Dietary fiber, one of the non-essential nutrients, has been used as reprogramming strategies to prevent developmental programming of hypertension [124], hepatic steatosis, and insulin resistance [150]. Maternal supplementation with inulin protected adult rat offspring born to dams fed with high-fructose diet against the developmental programming of hypertension [124]. Another report demonstrated that maternal oligofructose supplementation attenuated hepatic steatosis and insulin resistance in adult rat offspring in a high-fat/-sucrose diet model [150]. Inulin and oligofructose are the most studied forms of prebiotic foods for beneficial gut microorganisms. As gut microbiota can influence development of sensitization and allergy, the World Allergy Organization (WAO) experts issued their guidelines on the use of prebiotics for all formula-fed infants in allergy prevention [160]. Nevertheless, whether prebiotics can be used in pregnant women for prevention of allergy in their offspring required further preclinical and clinical evidence.

Additionally, combined supplementations with high-fiber diet and acetate prevented hypertension in deoxycorticosterone acetate (DOCA)–salt hypertensive mice [161]. Acetate is the most abundant short-chain fatty acids, the major metabolites of gut microbiota. Considering that the gut microbiota dysbiosis is a key mechanism underlying nutritional programming, maternal supplementation with prebiotics or other microbiota-targeting nutritional interventions (e.g., probiotics and postbiotics) might be used as reprogramming strategies in different adult diseases of developmental origins.

It is noteworthy that reprogramming strategies can be created based on the above-mentioned mechanisms leading to a variety of adult diseases. For example, maternal inulin supplementation prevented adult rat offspring against high-fructose diet-induced programmed hypertension associated with nutrient-sensing signals [124]. The beneficial effects of vitamin C and E, selenium, and folic acid [33], citrulline [140,142], conjugated linoleic acid [145], and folic acid [148] on developmental programming of hypertension are relevant to the reduction of oxidative stress. Moreover, low nephron number was restored by citrulline supplementation in the maternal caloric restriction model [35], streptozotocin-induced diabetes model [140], and prenatal dexamethasone exposure model [141]. Thus, nutritional interventions in pregnancy may reprogram common mechanisms of both nutritional and non-nutritional in utero insults to prevent offspring against adult diseases of developmental origins. This effect requires more efforts to bridge gaps between basic animal research and clinical practice.

7. Conclusions

Almost all NCDs can originate in early-life. It stressed the importance of taking a DOHaD approach to prevent and control global burden of NCDs. All nutrients in pregnancy play a pivotal role in fetal growth and development. Without a doubt, maternal malnutrition is definitely bad for offspring health as it induces nutritional programming, leading to the developmental programming of numerous NCDs. Conversely, nutritional programming can also be advantageous. Through animal models, several nutritional interventions have been proven effective as a reprogramming strategy to prevent the development of various NCDs. Although there is a great opportunity that reprogramming strategy is good for offspring health, there is also an ugly side to it.

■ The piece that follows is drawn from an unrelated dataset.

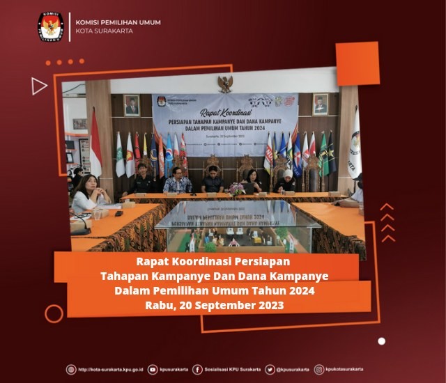 KPU Kota Surakarta (19/09) menyelenggarakan Rapat Kerja Persiapan Tahapan Kampanye dan Dana Kampanye Pemilu Tahun 2024. Kegiatan ini diikuti oleh peserta dari Partai Politik tingkat Kota Surakarta dan beberapa instansi terkait di Kota Surakarta.

Given that the complexities of nutritional programming in pregnancy lead to both beneficial and deleterious effects in mother and offspring health, there remains a long road ahead to determine the “right” nutritional intervention for the “right” person (mother or offspring) at the “right” time, to prevent the DOHaD-related diseases. It is clear that better understanding of the type of nutrient, dose of supplement, and therapeutic duration for nutritional interventions are needed before patients could benefit from this reprogramming strategy. We expect that studies utilizing animal models of nutritional programming will provide the much-needed scientific basis for the development of ideal reprogramming strategies for clinical practice that will improve pregnancy and offspring outcomes in humans.